5 NLP Principles of Success
How do we ensure that our behaviours empower us and will enable us to achieve our goals? Well, we talked recently about the NLP communication model, and that how we filter information that comes to us determines our internal representations, which in turn results in our behaviour. So the question is, how do we make sure that those internal representations that we have are producing the right internal representation in order to produce empowering behaviours in us?
One of the keys to this is in the NLP adopted Five Principles for Success, illustrated in the picture above.
Now looking a the first three on the list. These were described originally as the ‘Three legs of NLP’.
If you were to do a short seminar on NLP then you could just say to people, “look there are only three things that you need to be successful in life.
Firstly, know what you want, have a clear outcome in life.” Incidentally before NLP most therapists did not have outcomes for their therapy. Rogerian therapy, was outcomeless therapy. Milton Erickson said to others, “look i really think that we ought to have an outcome here” and NLP adopted this approach.
“Secondly, be alert and keep your awareness of what is going on so that you notice what you are getting.
Thirdly, have sufficient flexibility to keep changing what you are doing until you get what you want.”
End of Seminar.
These three things are the three legs of NLP. First is the skill of knowing your outcome. If you do not know where you are going, it makes it hard to get there.
An important part of NLP is training in sensory acuity: where to place your attention and how to change and enlarge your awareness and filters so that you notice things that you had not noticed previously. It is present moment sensory awareness. When communicating with others, this means noticing the small but crucial signals that let you know how they are responding. When thinking, that is, communicating with yourself, it means heightened awareness of your internal images, sounds and feelings. You need the acuity or sensitivity to notice if what you are doing is getting you what you want.
If what you are doing is not working, do something else, anything else. You need to hear, see and feel what is happening and have a choice of responses. NLP aims to give people more choice about what they do. Having only one way of doing things is no choice at all.
Sometimes it will work and sometimes it won’t, so there will always be situations you cannot cope with. Two choices will put you in a dilemma. Having a choice means being able to use a minimum of three approaches. In any interaction, the person who has the most choices of what to do, the greatest flexibility of behaviour, will be in control of the situation.
If you always do what you’ve always done, you’ll always get what you’ve always got. If what you are doing is not working, do something else.
I was once sitting in my garden on a nice day doing some preparation for a training that I was doing, and one of my neighbours was on the phone with a colleague of his and he was explaining his point on something, the person on the other end of the phone was obviously not getting his point, couldn’t see what he was talking about, and I could tell this because he kept repeating what he was saying but just in a louder voice, I don’t know how the conversation ended but I’ll bet that they both felt frazzled!

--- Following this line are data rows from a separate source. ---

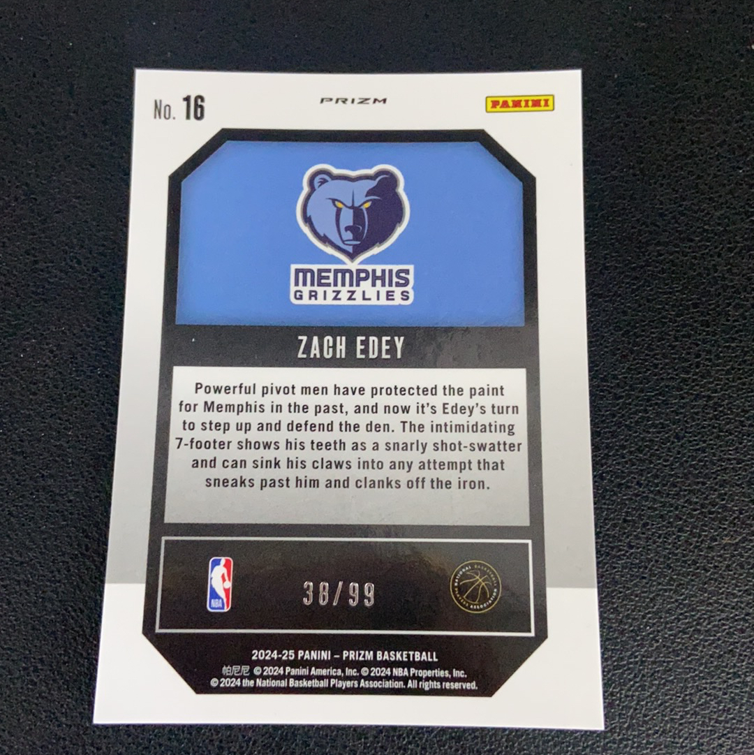 2024-25 Panini Prizm Zach Edey RC 灰熊 扎克 伊迪 周志豪 rc 新秀 蓝脉冲折 能量特卡 折射 99编 卡品如图 专收必备
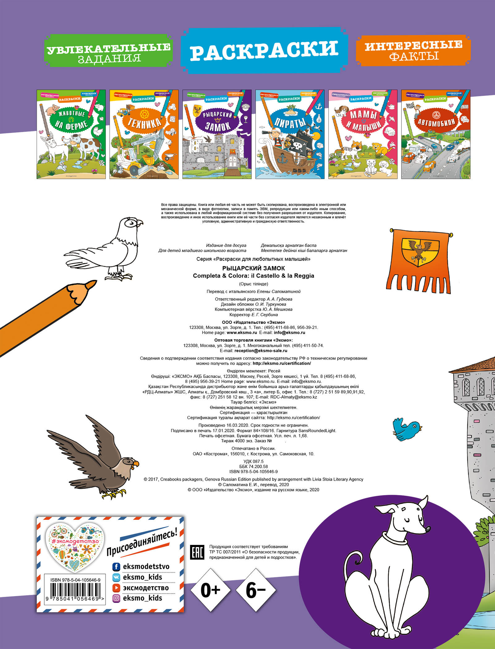 Путешествуй по интересным местам и эпохам и узнавай интересные факты с каждой новой страницей в этой увлекательной серии книги. Решай головоломки, узнавай новое и раскрашивай с удовольствием. Достаточно только открыть книгу! Тебя ждёт увлекательное знакомство с замком настоящего рыцаря! Вперёд!| Издательство | ООО "Издательство "Эксмо" |
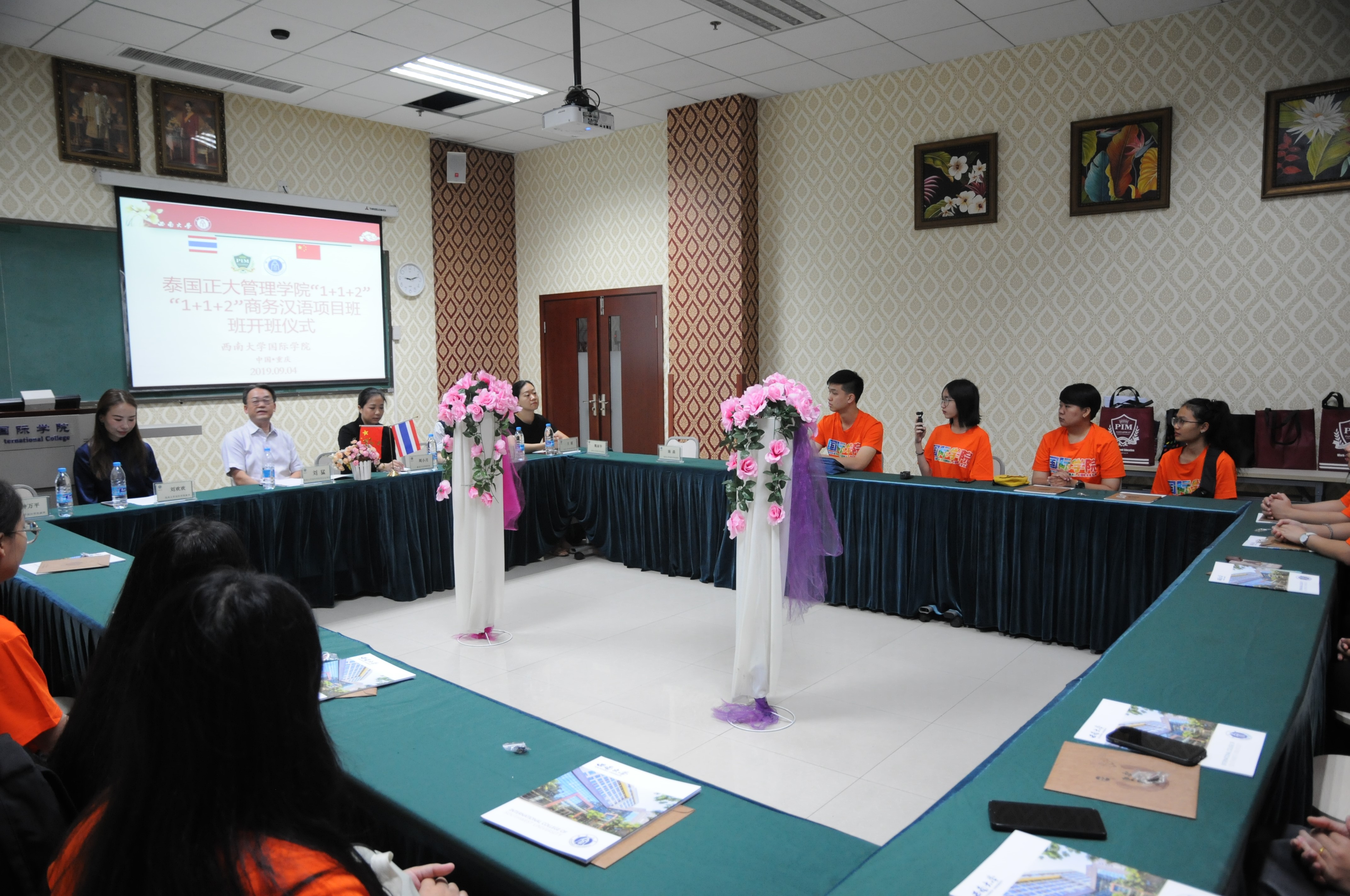 我校与泰国正大管理学院本科学生“1+1+2”联合培养项目从2011年起至今已有八年。该项目立足于提高学生以汉语为工具进行国际商务活动的能力,培养优秀的跨文化交际商务人才。今年来自泰国正大管理学院的这12名学生将在我校完成1年的专业学习和4个月的在岗实习。
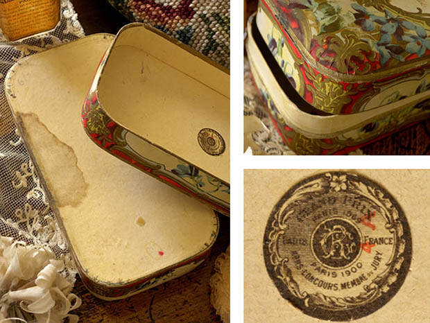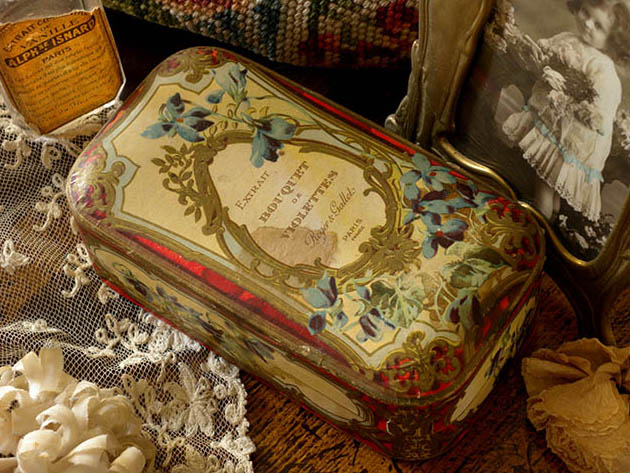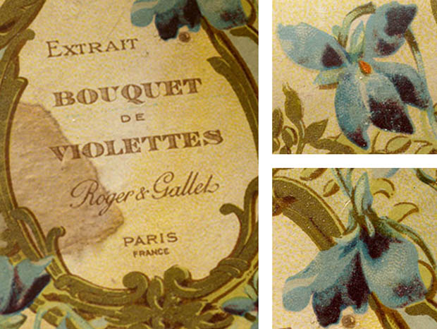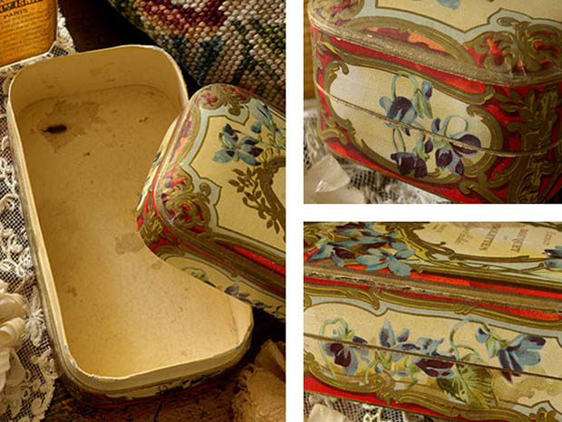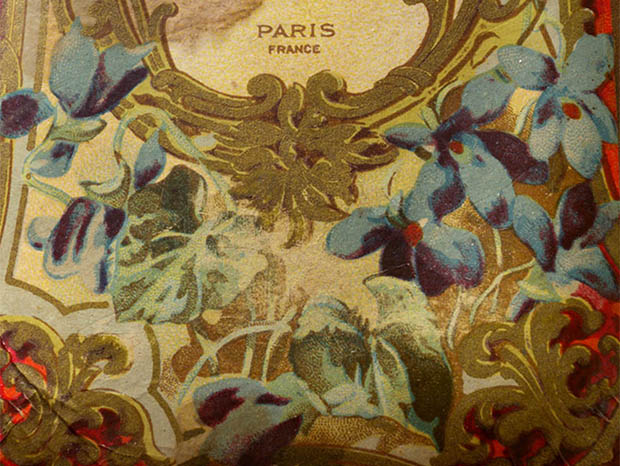 この年代のパルファンボワットは状態の良いものは少ないですがイラストの発色が良くとてもきれいです。フタと本体に少しパルファンの汚れがありますが、フタを開けるとまだヴィオレットのパルファンの香りがします。その他、多少の傷みや汚れなどありますが破れはなくとても状態が良くきれいで、Good Conditionです。
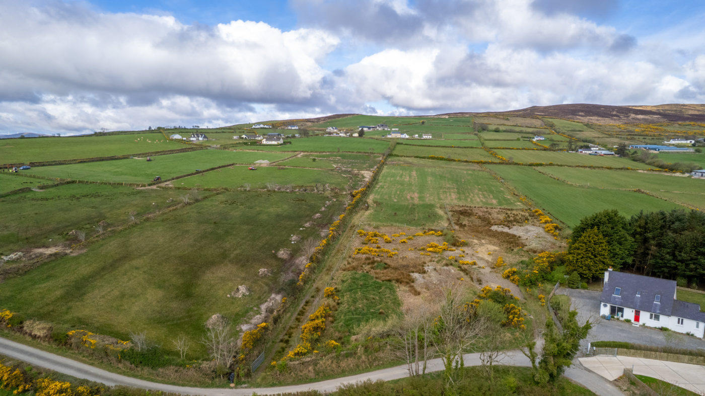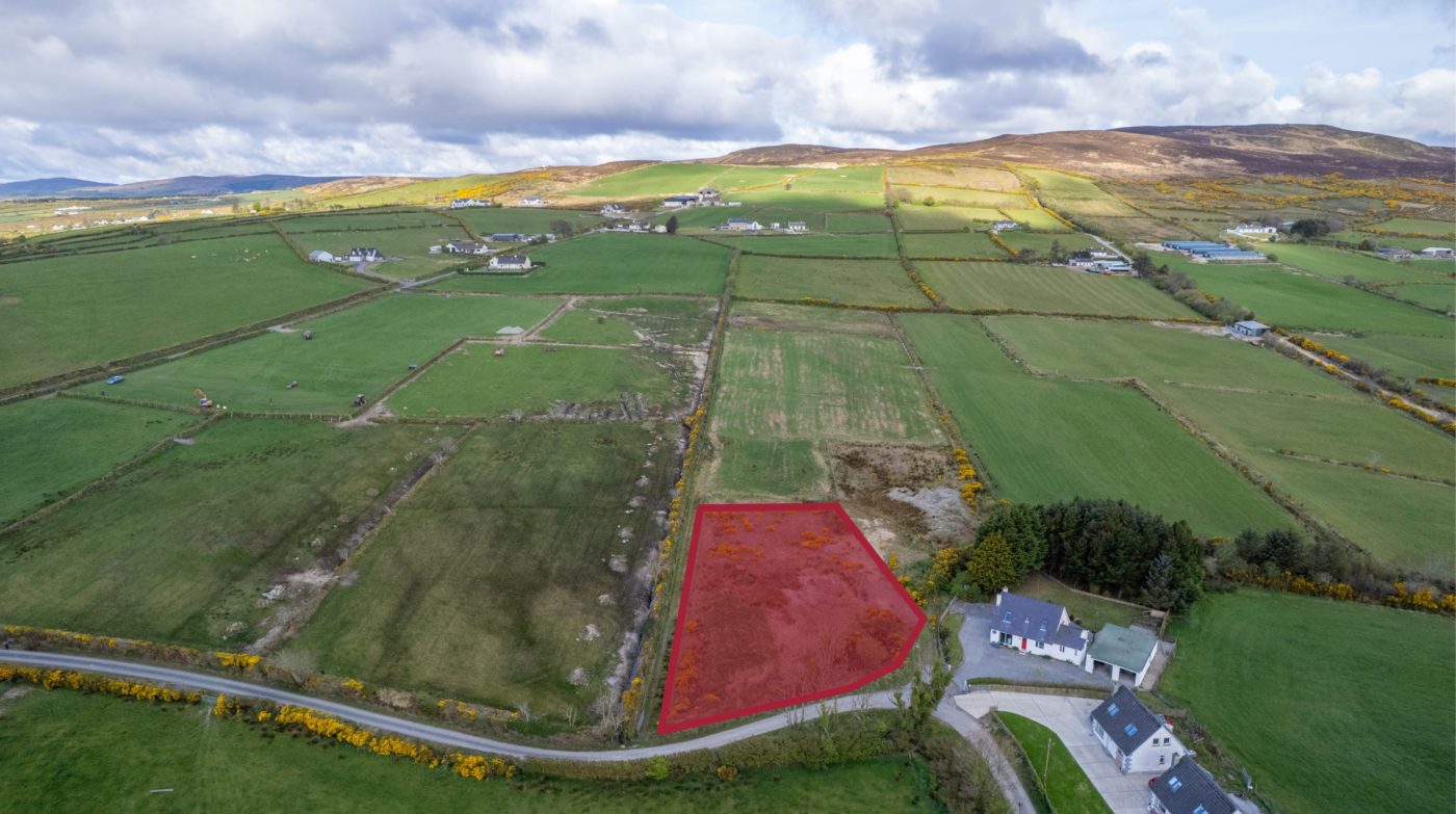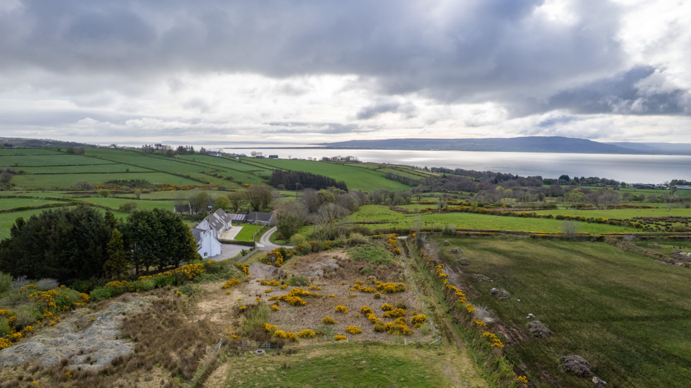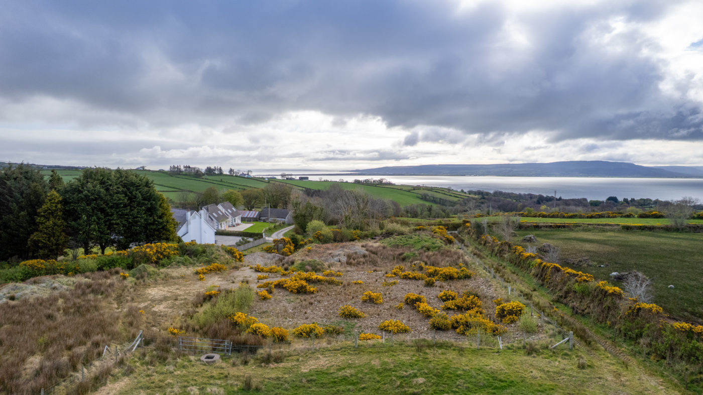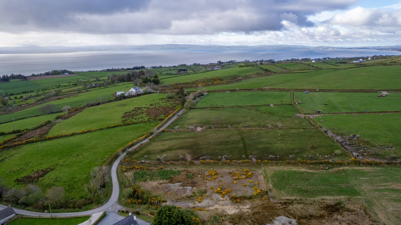 From Moville proceeded in the direction of Quiggley‘s Point for 1.5km and turn right into the Ballylawn Road. Continue for 2km and turn right at a small cottage on the corner and continue along this road for 300 meters in the site will be found on the left-hand side identified by Franklins ‘For Sale’ sign
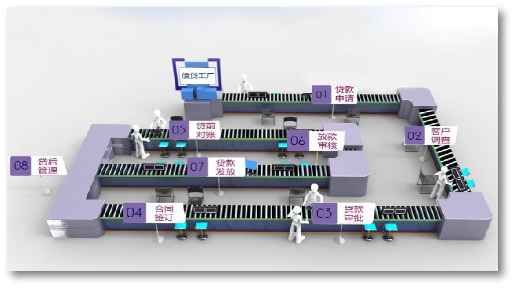 “德国IPC微贷技术,核心是通过交叉检验评估客户偿还贷款的能力,主要依赖经验丰富的信贷客户经理进行高强度现场调研,结合报表数据和调研信息对公司偿还能力进行验证和判断,客户经理全程参与,从贷前决策到贷后管理全流程跟踪。其难点在于信贷人员培养周期较长,成本较高,公司信贷扩张速度受到约束。”常熟银行相关负责人介绍说。2009年,常熟银行确立“做小做散”的经营策略,成立事业部制的微贷专营机构,就引进德国IPC微贷技术,对小微市场进行探索。常熟银行对其小微贷款业务流程进行“碎片化、并联式”改造,通过标准化作业流程使信贷流程的前、中、后台分离,前台通过标准化模板收集信息,中后台高效地在线审批、放款,逐步形成了标准化、可复制的常农商“信贷工厂”模式。
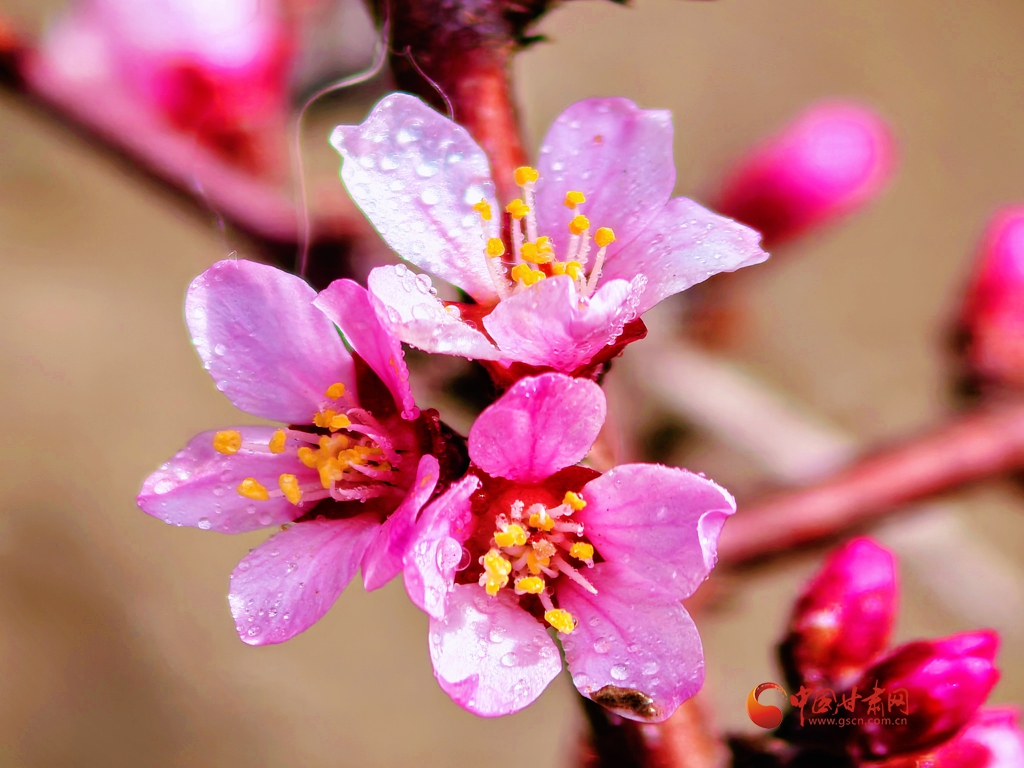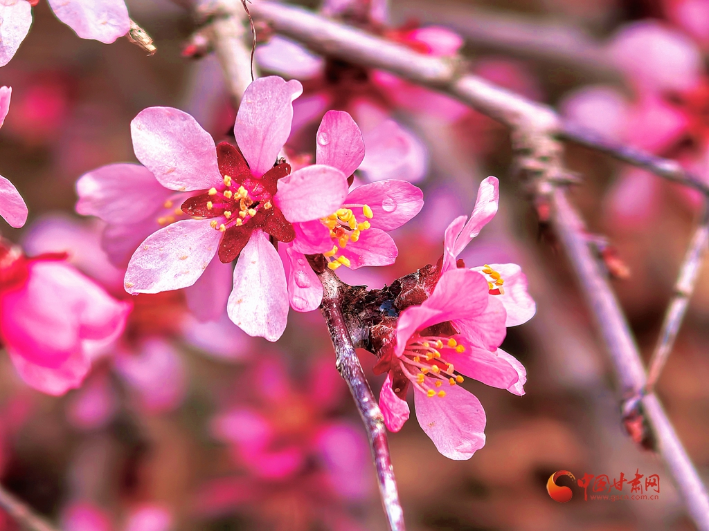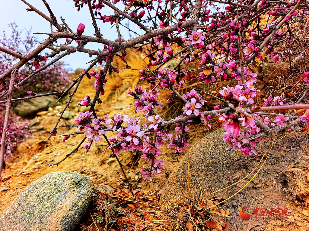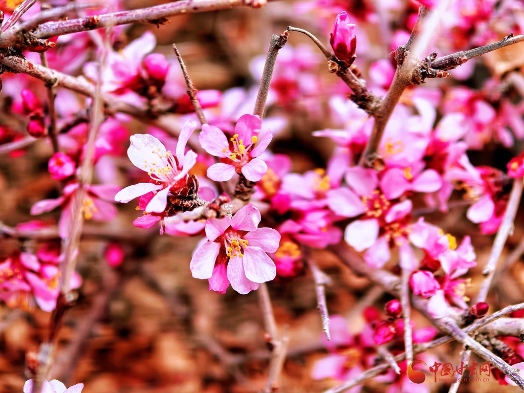 光禿禿的枝條上,不見半片新葉,只有一簇簇、一團(tuán)團(tuán)粉紅色的小花,密密匝匝地綴滿枝頭,擠擠挨挨,溫暖又熱烈。遠(yuǎn)遠(yuǎn)望去,像一縷輕盈的粉紅色云煙,輕輕飄落在蒼黃的山坡上,為沉寂的祁連山添上一抹難得的溫柔亮色;走近細(xì)看,花瓣薄如蟬翼,質(zhì)地輕盈細(xì)膩,嫩黃的花蕊纖細(xì)挺立,在寒風(fēng)中微微顫動(dòng),看似柔弱的外表下,藏著不屈的傲骨。偶爾一場(chǎng)春雪突襲,潔白的雪花壓彎枝頭,花朵看似垂落不堪,可待到雪化風(fēng)輕,它便立刻挺直腰肢,重新舒展花瓣。夜里寒霜凍得花瓣晶瑩透明,仿佛一碰就碎,可朝陽升起,寒冰慢慢消融,花朵依舊盛放如初,不曾輕易凋零半分。

The more choices, the more chance of success. The way these skills work together is rather like what happens when you hire a rowing boat to explore a stretch of water. You decide where you want to go: your initial outcome. You start rowing and notice your direction: sensory acuity. You compare this with where you want to go and if you are off course, you change direction. You repeat this cycle until you reach your destination.
Then you set your next destination. You can change your outcome at any point in the cycle, enjoy the journey and learn something on the way. The course is likely to be a zig-zag. Very rarely is there an absolutely clear, straight path to where you want to go.
Maybe you have read some stuff from Anthony Robbins, I read the fantastic Unlimited Power many years ago now and that is where I started my NLP journey. Tony made a great contribution to the profile of NLP and also added a couple of extra principles to the NLP success formula.
The first one that Tony added is to Take Action. Obviously if you do not set sail then you will never get to your destination. The other thing was to operate from a physiology and psychology of excellence. How do you hold yourself, how do you stand, what sort of things are going on in your head? Those sorts of things create the physiology and psychology of excellence. Think about what it is that you want, pay attention to what it is that you want and then notice how you are standing, how is your physiology? Make sure that it is a very powerful physiology. That will help you to get what you want.
So think about your life, what is it that you want to achieve? What do you want it to get for you in the long run?
Take a few minutes now to think about what it is that you want. Why are you reading this? Why are you looking to develop yourself? Pause for thought now and write down now the outcomes that you want from your life.
Start with your outcomes, adopt these Principle for Success in all areas of your life and watch your results just get better and better!